Where Do Values Fit in Addiction Treatment?

Where Do Values Fit in Addiction Treatment?

I’d wager that for most people there is an intuitive understanding that values and drug and alcohol addiction are somehow linked. The Oxford dictionary defines values as “Principles or standards of behaviour; one’s judgment of what is important in life.” Values are the ideas and ideals that each of us holds that drive the decisions and choices we make, which in turn determine a lot about the course our lives and relationships take. To some degree values are chosen for us, by our families, teachers and communities, but to a large extent are capable of choosing our values for ourselves—exactly how much we choose versus have chosen for us is one of life’s mysteries, but what is certain is that there is a close relationship between living according to our highest values, and living a fulfilling happy life.
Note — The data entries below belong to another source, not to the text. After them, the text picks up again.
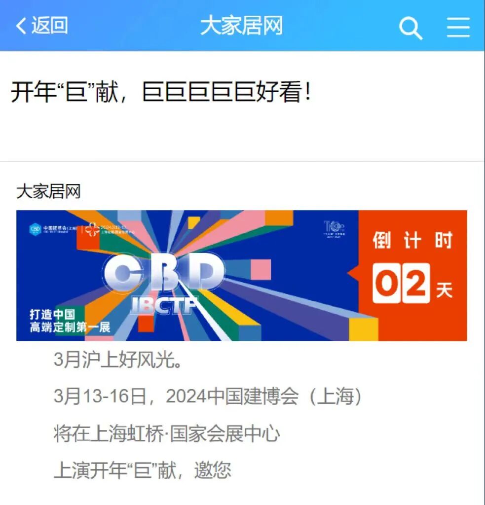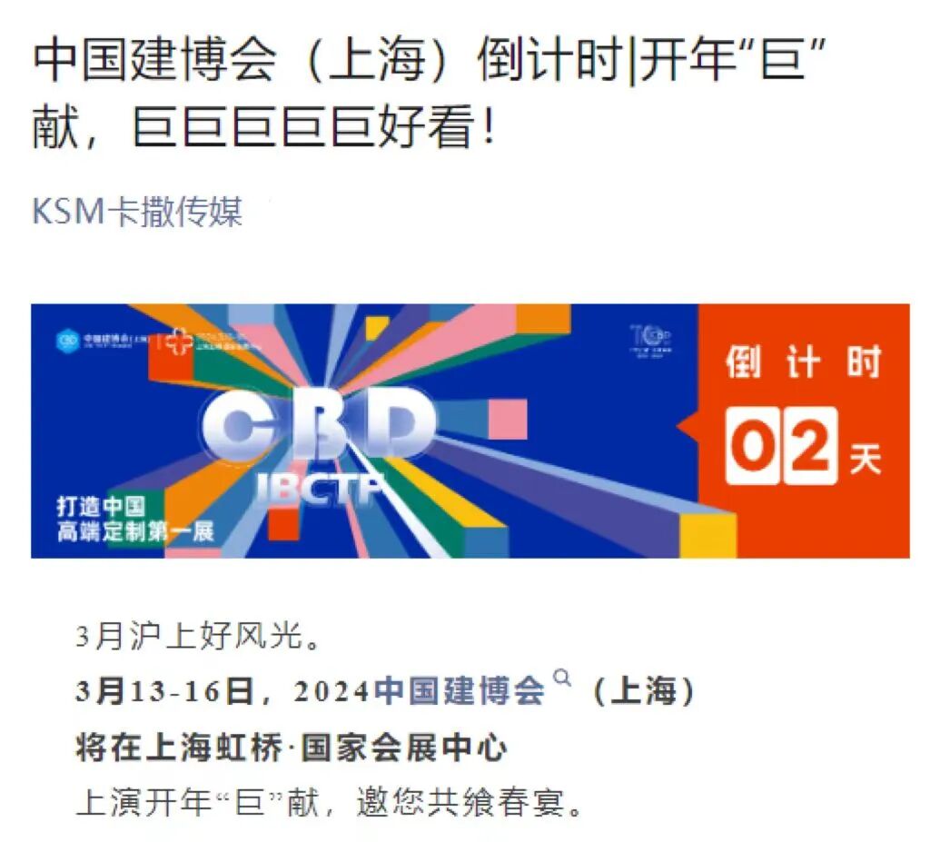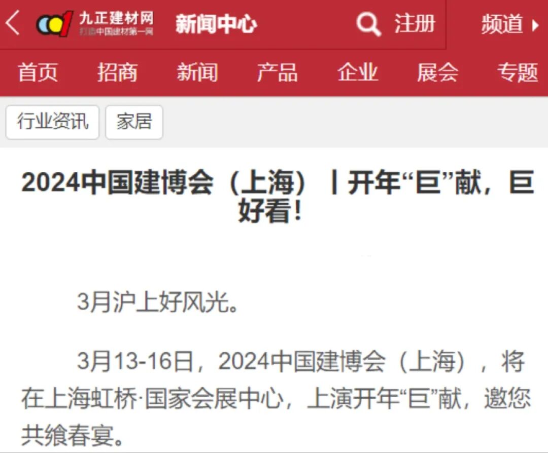 点击上方“北京家居行业协会”可快速关注!3月13日,2024中国建博会(上海)在...
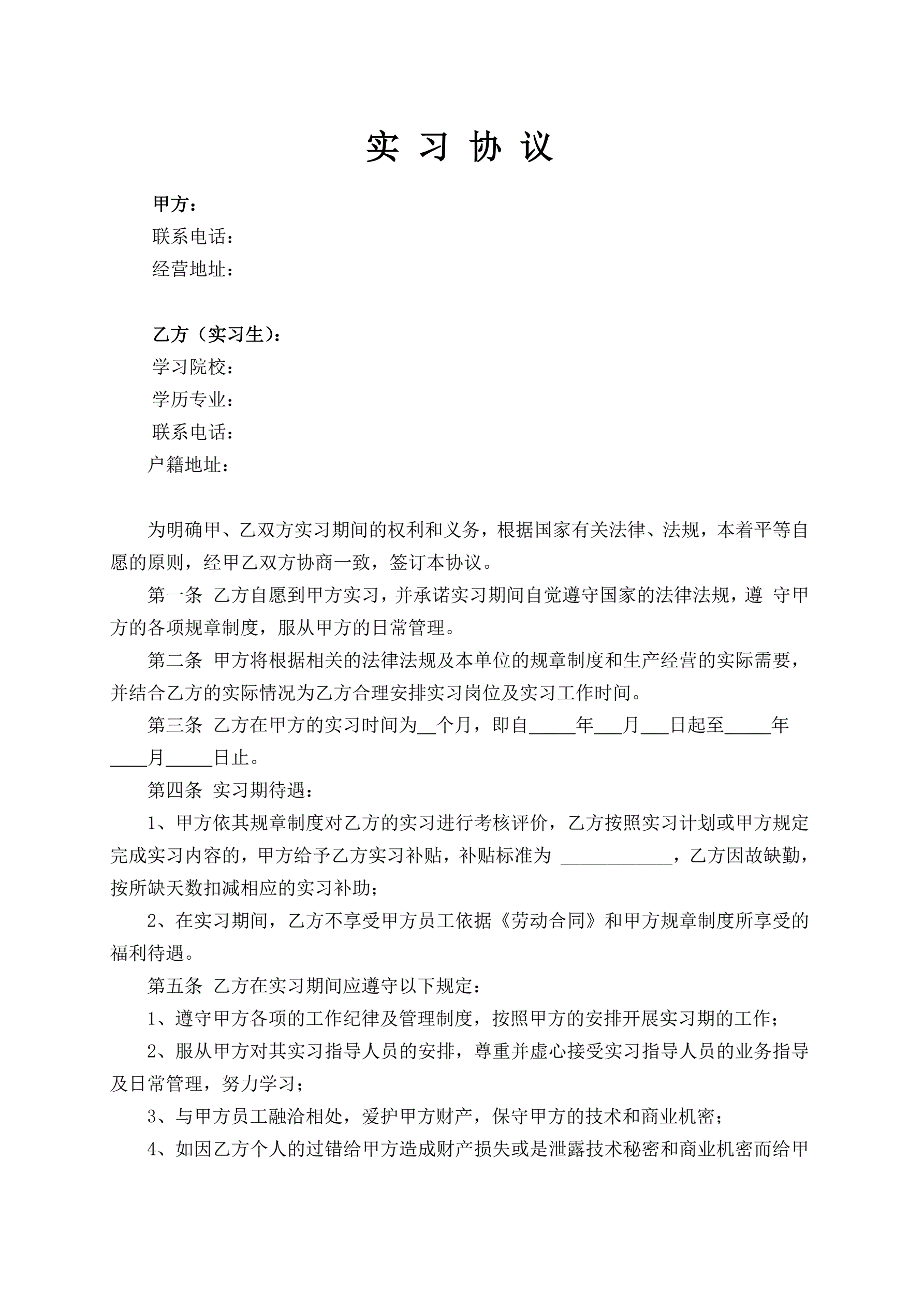 实习协议
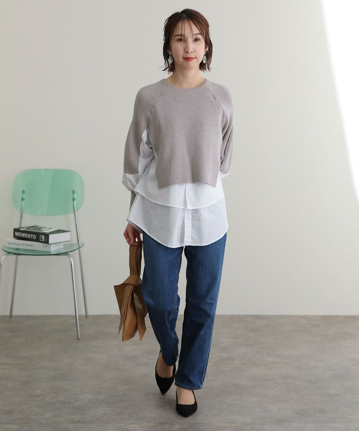 シンプルデザインで着回しが楽しい ブラウスドッキングリブニット
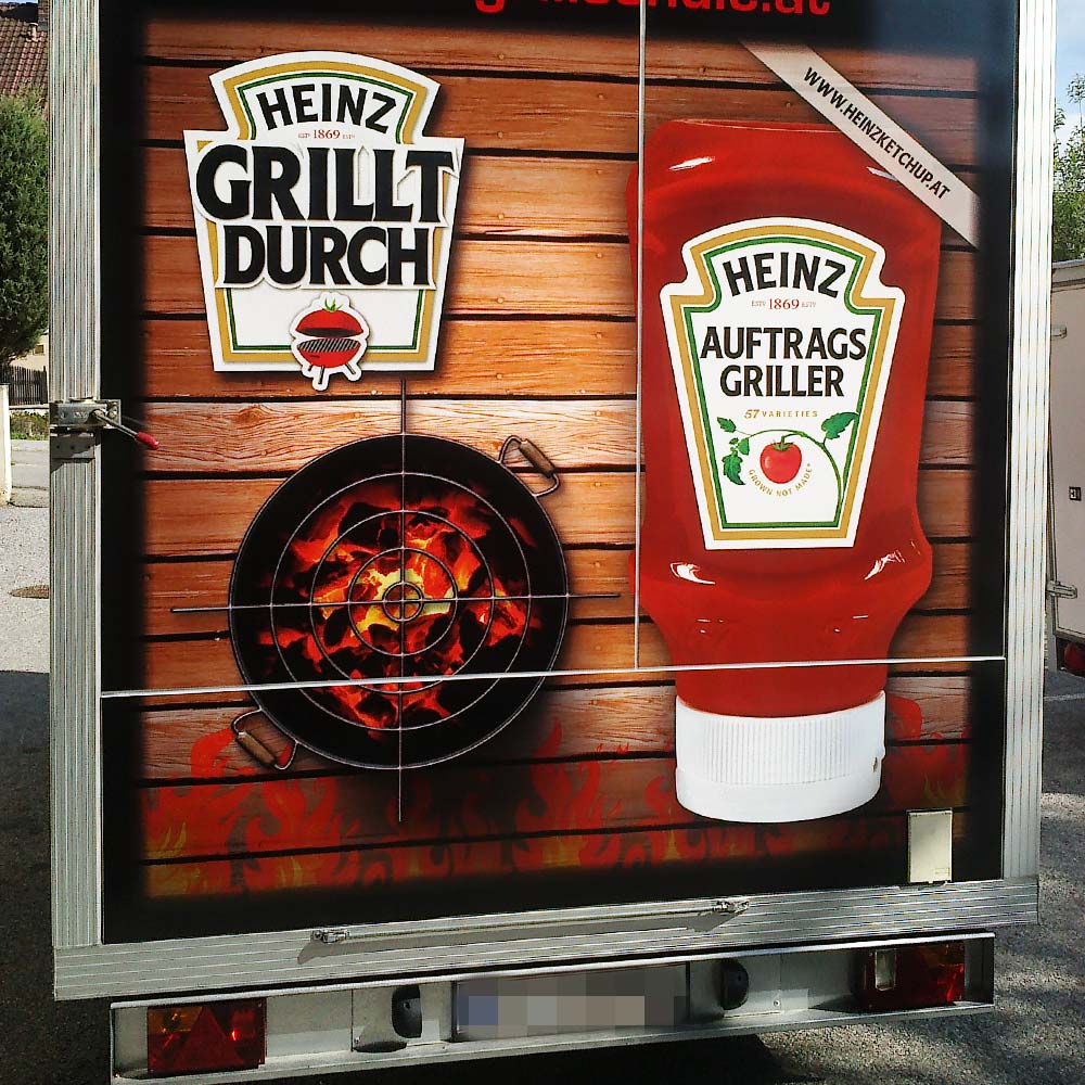 PVC-Folie digital bedruckt geeignet für gerade und leicht unebene Flächen – mittelfristige Einsatzdauer. Auf Wunsch mit Schutzlaminat für erhöhte Kratz- und UV-Beständigkeit.
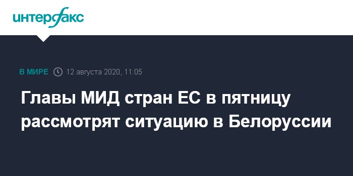 Москва. 12 августа. INTERFAX.RU - Главы МИД стран ЕС обсудят в пятницу события в Белоруссии, произошедшие после состоявшихся в воскресенье президентских выборов, сообщает в среду польское внешнеполитическое ведомство.
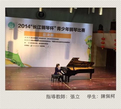 1月12日,2014“长江钢琴杯”青少年钢琴比赛总决赛在武汉落下帷幕。402永利集团官网入口163122班学生陈佩珂在比赛中荣获独奏组一等奖和自弹自唱组一等奖,163111班学生邹歆乐荣获独奏组一等奖,姜莹获独奏组三等奖,163142班学生赖薇茹获独奏组二等奖。
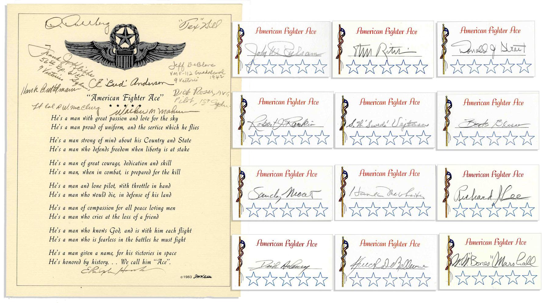 Flying Ace lot which includes: (1) 12 ''American Fighter Ace'' 3.5'' x 2'' cards, signed by Chuck DeBellevue, Richard Lee, Boots Blesse, Bones Marshall, Sandy Moats, Hamilton McWhorter, Steve Ritchie, Robert Rankin, Donald Strait, John Ruhsam, Swede Vejtasa and Dick Asbury; (2) Printed 8'' x 10'' poem entitled ''American Fighter Ace'' signed by its author, Ace Frank Klibbe and also by Ken Dahlberg, Hank Buttlemann, Bud Anderson, Tex Hill, Jeff DeBlanc, Dick Rossi, R.W. McClurg, Walker Mahurin and E.R. Hanks. All signatures in pencil. Fine.

Mainstream understandings of addiction tend to portray active addiction as being synonymous with an abandonment or failure of living according to one’s values. This portrayal is deeply embedded in our culture- from early media representations of addiction like Reefer Madness (1936) and Days of Wine and Roses (1962), to more modern films like Blow (2001) and Winter’s Bone (2010)—the cliché story of value abandonment is everywhere and likely familiar to everyone. In this understanding of the link between values and addiction, as a person becomes more enmeshed with a life of addiction they slowly but surely abandon their values, ultimately becoming a lying, cheating, stealing pariah whose only hope, according to this understanding, is a psychological and spiritual reawakening to a life of living in conjunction with one’s values.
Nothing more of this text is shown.